* What you need to do:
Reproduce only this stretch of the listing below: from the line with "제목이 뭐라고 생각하세요?" through the line with "Set de 5 puzzles", exactly as written, with pictures excluded.

* Data provided:
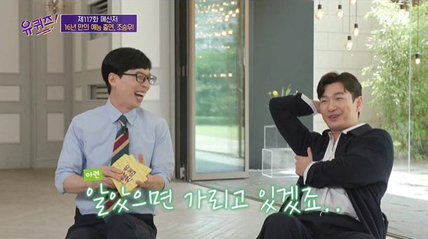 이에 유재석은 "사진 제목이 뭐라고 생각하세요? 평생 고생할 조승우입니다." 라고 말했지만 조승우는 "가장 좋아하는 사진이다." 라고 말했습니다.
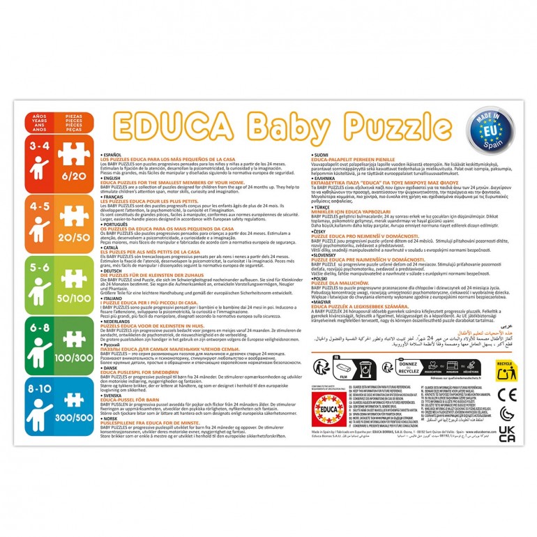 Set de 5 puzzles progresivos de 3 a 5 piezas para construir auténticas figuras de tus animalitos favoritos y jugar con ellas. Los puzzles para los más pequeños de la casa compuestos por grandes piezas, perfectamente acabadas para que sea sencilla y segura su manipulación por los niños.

==

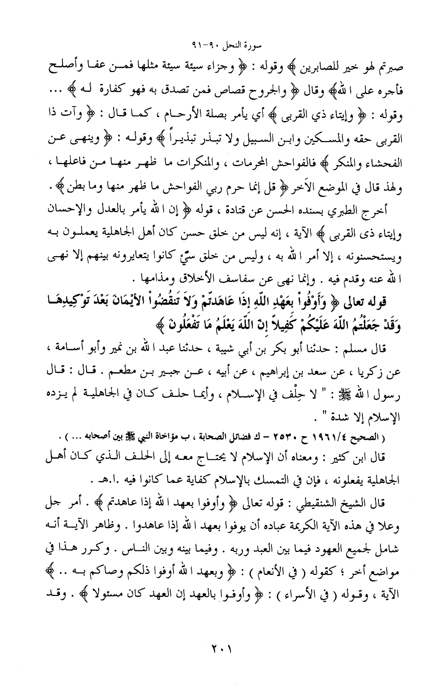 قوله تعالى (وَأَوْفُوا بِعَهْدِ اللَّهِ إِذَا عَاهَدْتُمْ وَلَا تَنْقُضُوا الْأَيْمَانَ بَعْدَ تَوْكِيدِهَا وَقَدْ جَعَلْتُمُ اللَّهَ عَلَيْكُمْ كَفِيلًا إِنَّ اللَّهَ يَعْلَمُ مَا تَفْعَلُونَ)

* Worked solution:
 이에 유재석은 "사진 제목이 뭐라고 생각하세요? 평생 고생할 조승우입니다." 라고 말했지만 조승우는 "가장 좋아하는 사진이다." 라고 말했습니다.
 Set de 5 puzzles progresivos de 3 a 5 piezas para construir auténticas figuras de tus animalitos favoritos y jugar con ellas. Los puzzles para los más pequeños de la casa compuestos por grandes piezas, perfectamente acabadas para que sea sencilla y segura su manipulación por los niños.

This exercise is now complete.